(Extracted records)

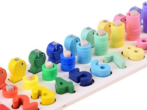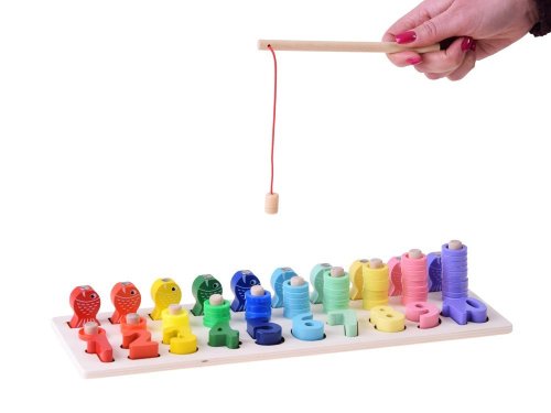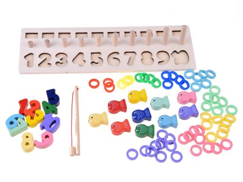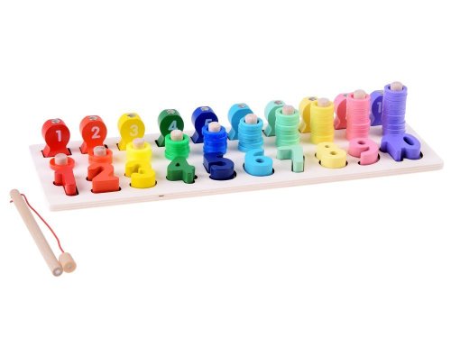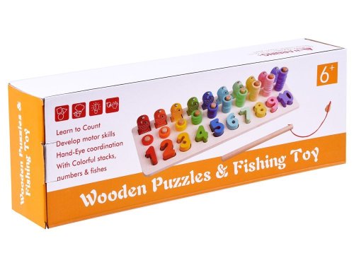 Najlepšou formou vzdelávania je učenie sa hrou. Vďaka tejto hádanke sa dieťa naučí čísla od 1 do 10 zábavným spôsobom. Sada obsahuje: - drevený podstavec s číslami a kolíkmi - čísla od 1 do 10 - drevené očíslované ryby - 55 plastových krúžkov v 10 farbách - rybársky prút s magnetom Hádanka Vám umožní cvičiť úlohy s rôznym stupňom obtiažnosti s Vaším dieťaťom. 1. prispôsobenie tvarov - pri hraní sa dieťa naučí rozlišovať tvary jednotlivých čísel 2. rybolov - pomocou rybárskeho prútu s magnetom usporiadajte očíslované ryby na správne miesta. 3. použitie správneho množstva krúžkov - Dieťa sa učí hodnote danej číslice, učí sa počítať do 10. S hračkou môžete tiež zaobchádzať ako s počítadlom.
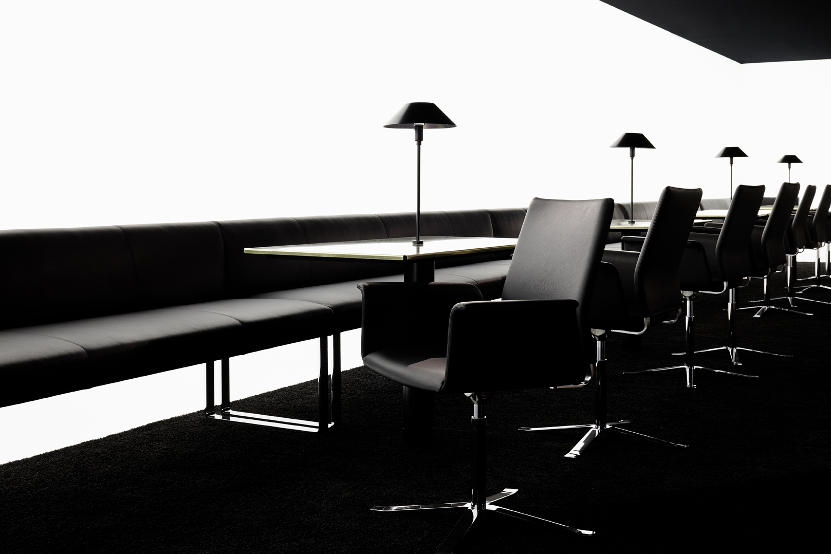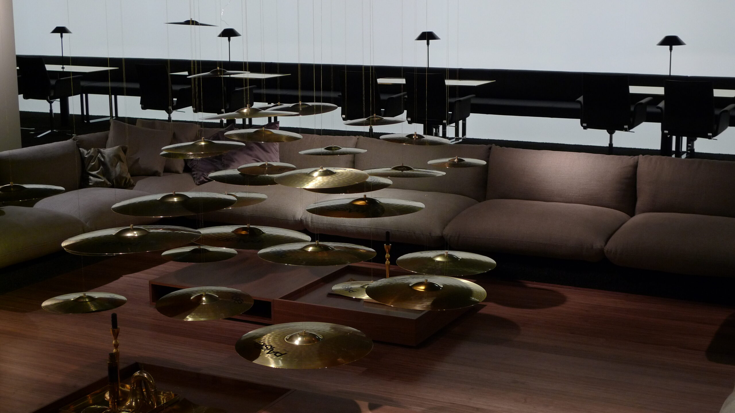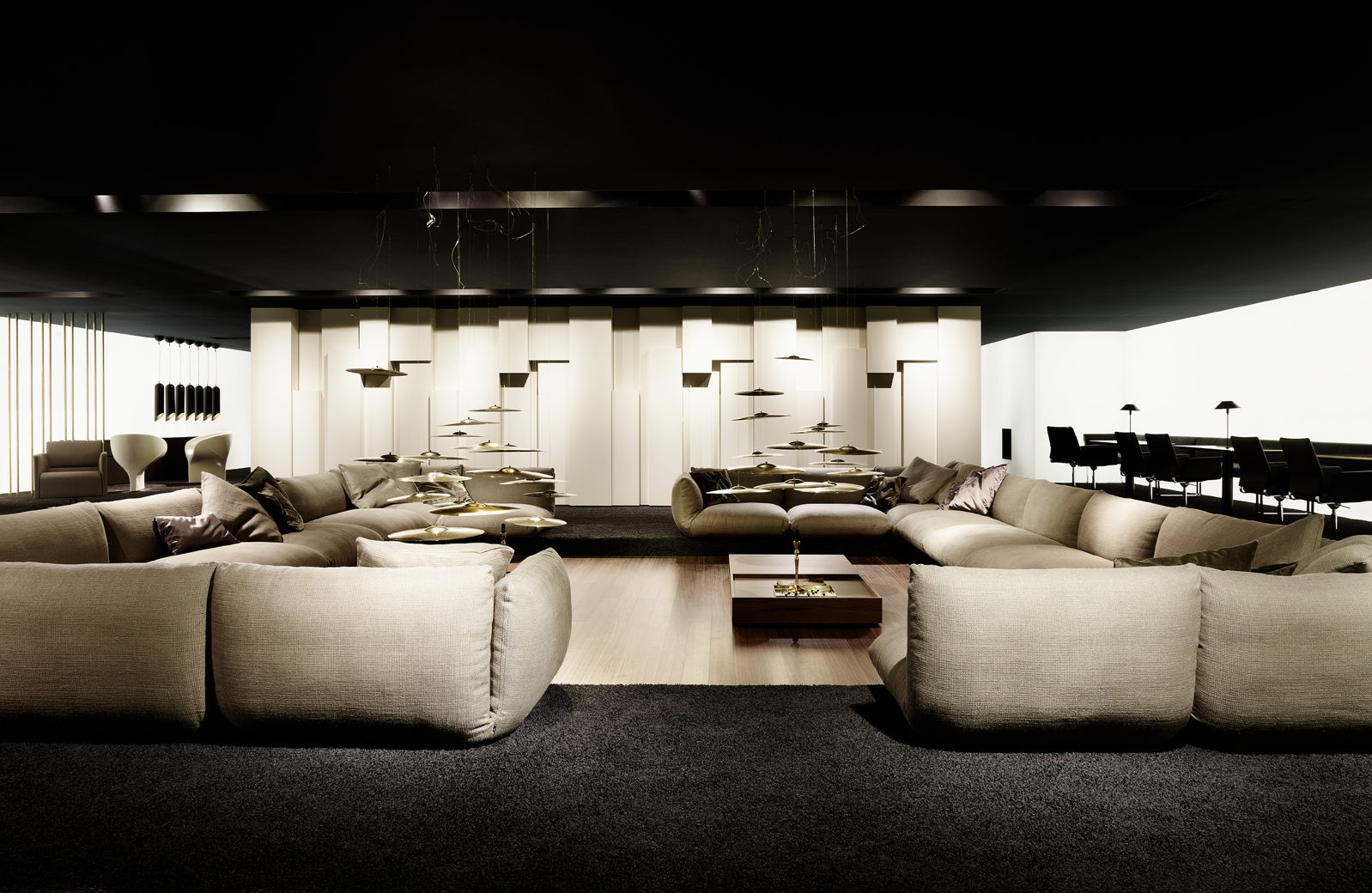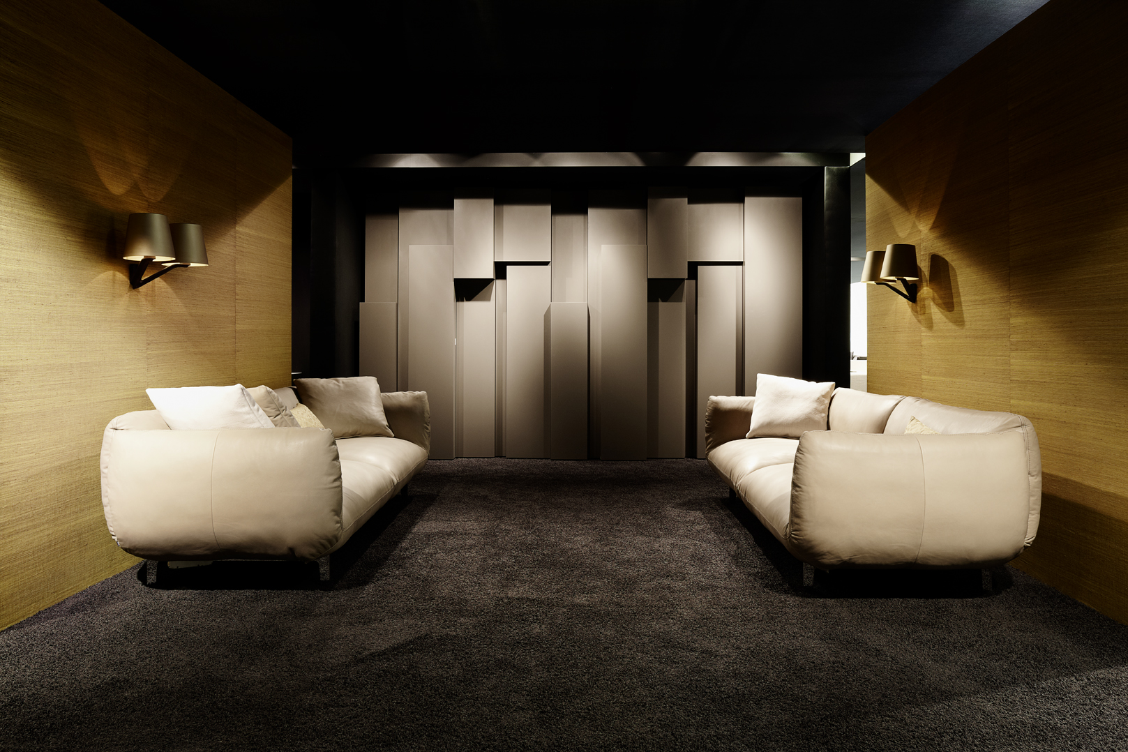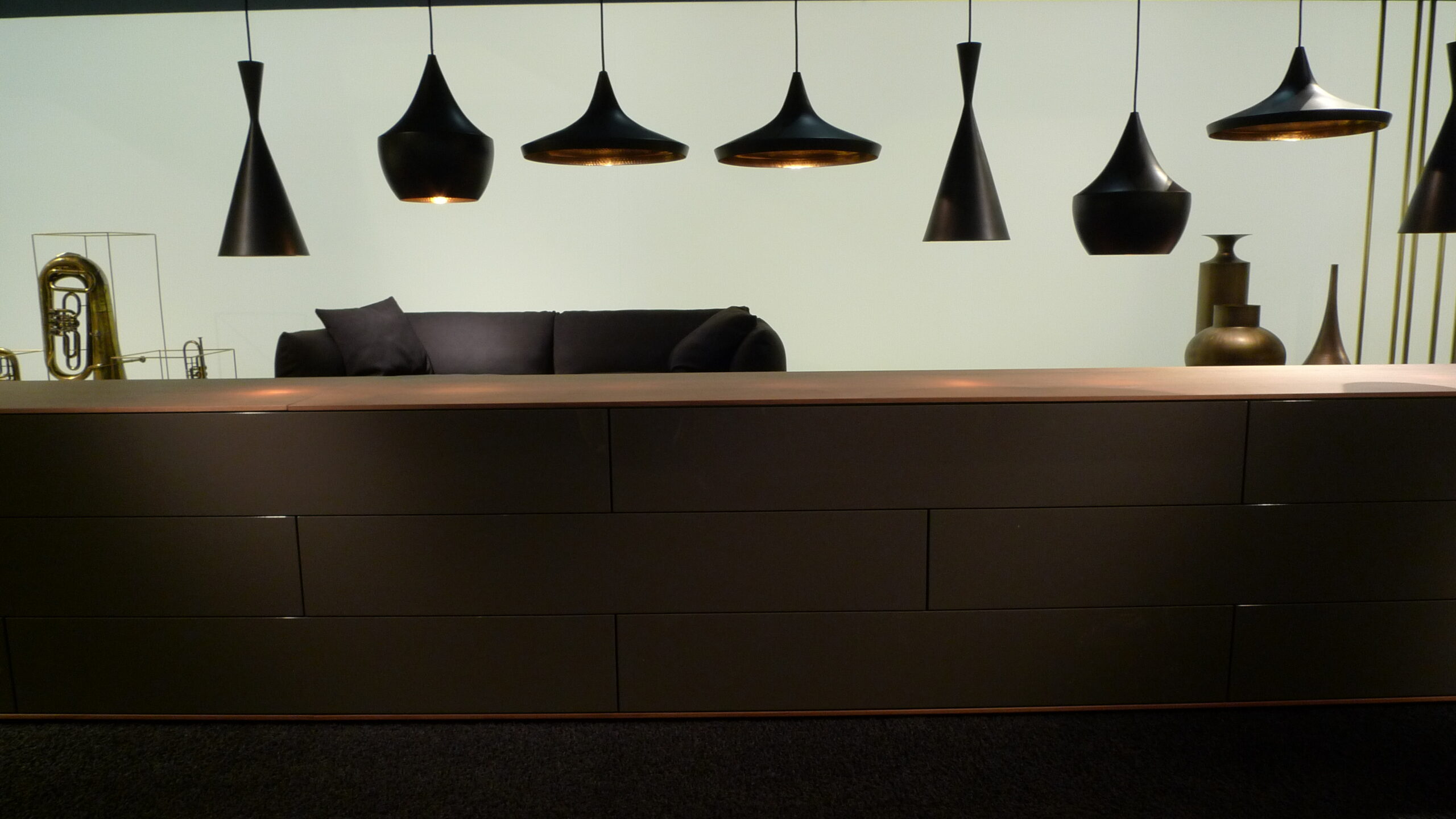 Der gemeinsame Messestand präsentiert die Möbel beider Hersteller in warmen Farbtönen und möglichst wohnlicher Atmosphäre. Dies wird unter anderem durch eine relativ geringe Deckenhöhe unterstützt. Großzügigkeit und Weitläufigkeit werden durch die seitlich angeordneten Lichtwände erzeugt. Die Eingangsfassaden besteht aus senkrecht angeordneten Messingrohren. Dieses Material zieht sich mit der Dekoration durch den gesamten Stand.
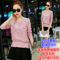 珂依舍2017秋装蕾丝衫2017春装新款女装小衫韩版圆领收腰短款女上衣修身打底衫潮
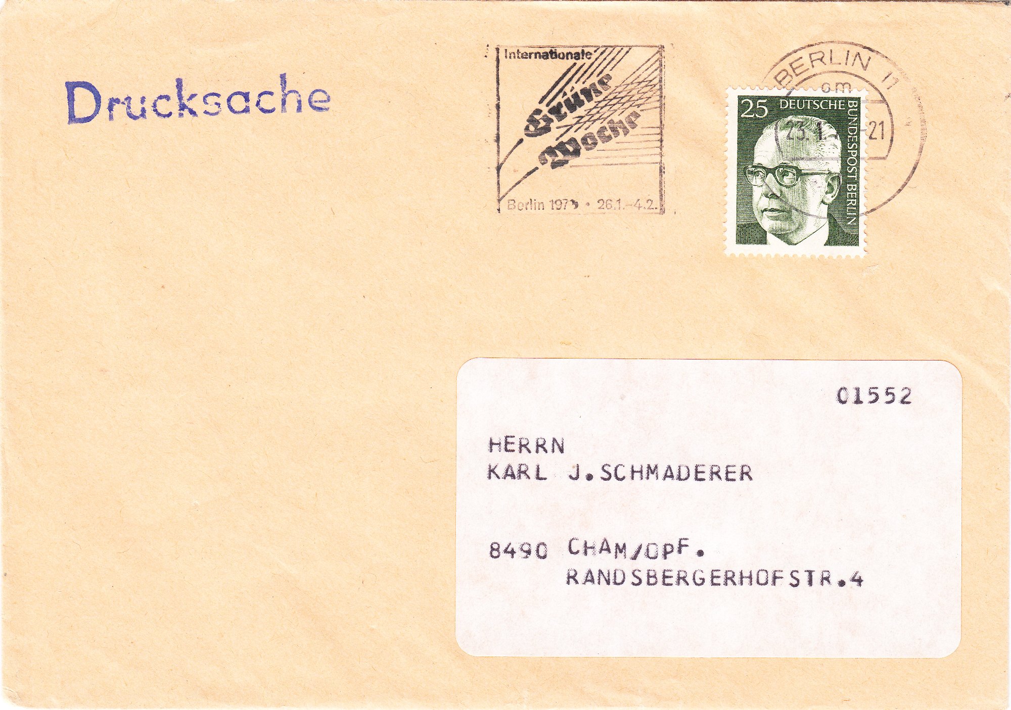 Dieser Beleg wurde per Maschinenstempel mit Werbeeinsatz "Internationale Grüne Woche Berlin 1973 26.1. - 4.2. mit den Kennbuchstaben "om" entwertet:
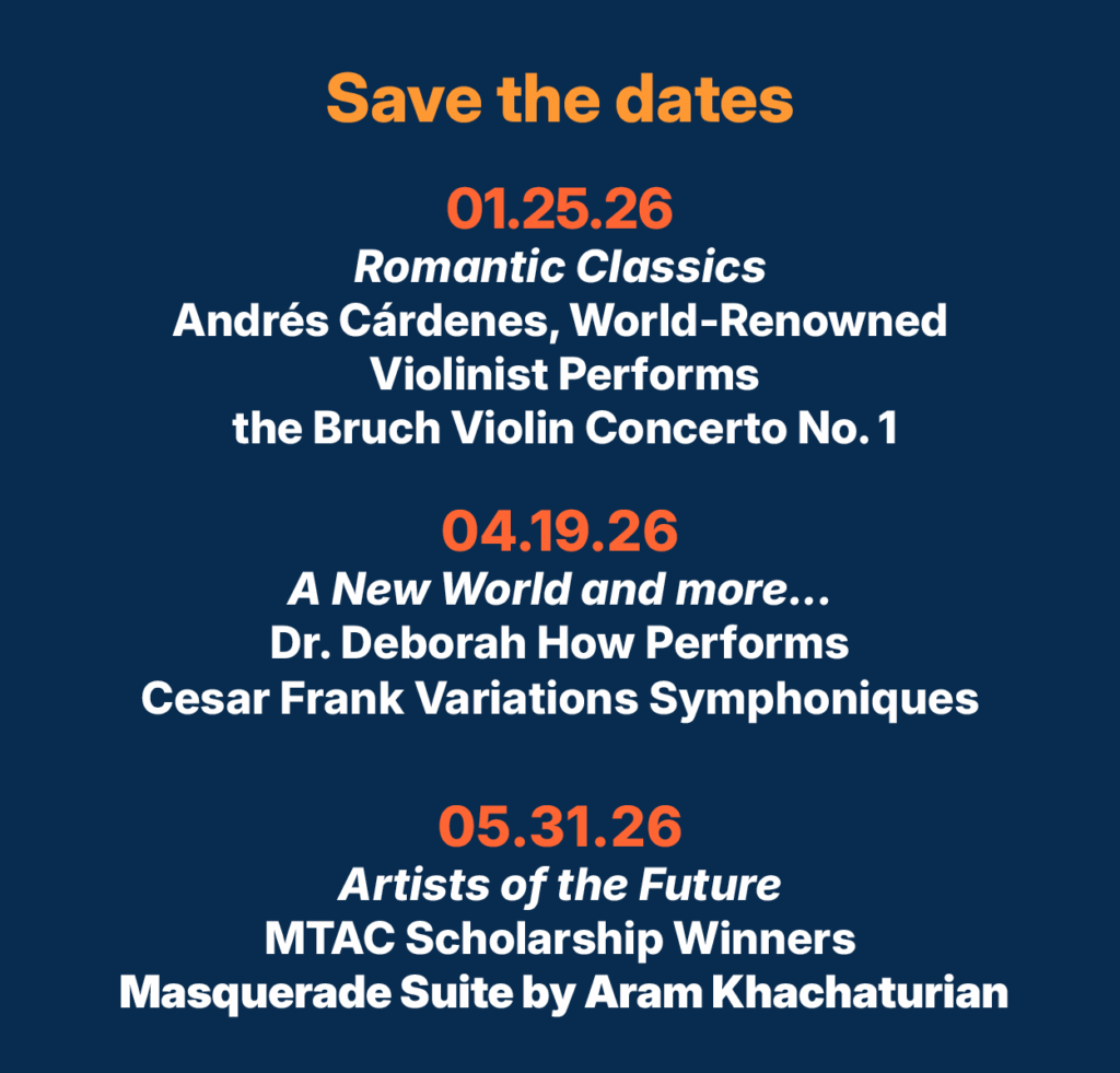 During our next concert, the first of 2026; Andrés Cárdenes will perform the Bruch Violin Concerto No. 1, and Beach Cities Symphony will perform works from Beethoven and Mendelssohn.
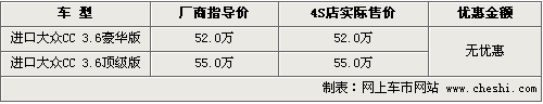 据4S店销售人员介绍,目前进口大众CC现车已经到店,共分两款车型,3.6豪华版售价为52万元,顶级版售价为55万元。这两款车主要差别体现在配置上,顶级版增加了导航和自动泊车系统等高端配置。消费者现在购车的话暂时还没有优惠幅度出现。现车方面,4S店有黑色、白色、亮银色、蓝色等可供消费者选择。内饰分别有黑色和黑米两款可供挑选。
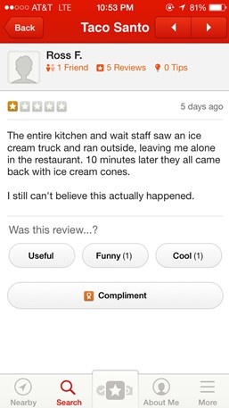 A final point on consumption and production is that Yelp is not immune to the rest of the internet’s nature, sarcasm and humor. Below are a few examples of Yelp reviews you may find enjoyable.

= Action item =
All that is wanted is the lines above between the one containing "珂依舍2017秋装蕾丝衫20" and the one containing "据4S店销售人员介绍,目前进", inclusive, restated word for word, with pictures omitted.

= Your solution =
 珂依舍2017秋装蕾丝衫2017春装新款女装小衫韩版圆领收腰短款女上衣修身打底衫潮
 Dieser Beleg wurde per Maschinenstempel mit Werbeeinsatz "Internationale Grüne Woche Berlin 1973 26.1. - 4.2. mit den Kennbuchstaben "om" entwertet:
 During our next concert, the first of 2026; Andrés Cárdenes will perform the Bruch Violin Concerto No. 1, and Beach Cities Symphony will perform works from Beethoven and Mendelssohn.
 据4S店销售人员介绍,目前进口大众CC现车已经到店,共分两款车型,3.6豪华版售价为52万元,顶级版售价为55万元。这两款车主要差别体现在配置上,顶级版增加了导航和自动泊车系统等高端配置。消费者现在购车的话暂时还没有优惠幅度出现。现车方面,4S店有黑色、白色、亮银色、蓝色等可供消费者选择。内饰分别有黑色和黑米两款可供挑选。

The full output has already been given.